Security Operation Centre
Challenge
Cybersecurity is indispensable for HCPS applications. Predicting, analysing, and responding to cybersecurity risks require active and time-consuming engagement of highly skilled cybersecurity analysts.
Solution
Automation of correct and timely operations of a Security Operation Centre with human-centric view by using Large Language Models (LLM) with four activities:
- Threat information synthesis
- Intrusion detection rule generation
- Incident analysis reporting
- Response plan generation
Technical Pillars
- Upon threat discovery, a security analyst prompts the use case engine providing relevant sources of information about the threat.
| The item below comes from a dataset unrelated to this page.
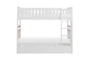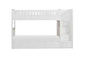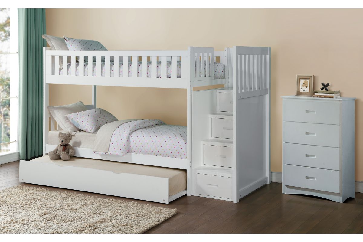 Maximizing sleep space is achieved with the stylish Galen Collection. This transitional twin over twin step bunk bed includes a twin trundle and matching storage chest, all finished in white to create a complete and functional youth bedroom ensemble.

- A Retrieval Augmented Generation (RAG) mechanism based on LLM enables the retrieval of qualified existing threat synthesis reports and generates a synthesis according to the specified format.
- Whenever vulnerability knowledge becomes available, an analyst prompts the system with enriched information such as Common Vulnerability Exposure (CVE) bulletins, asking the LLM to generate an intrusion detection rule.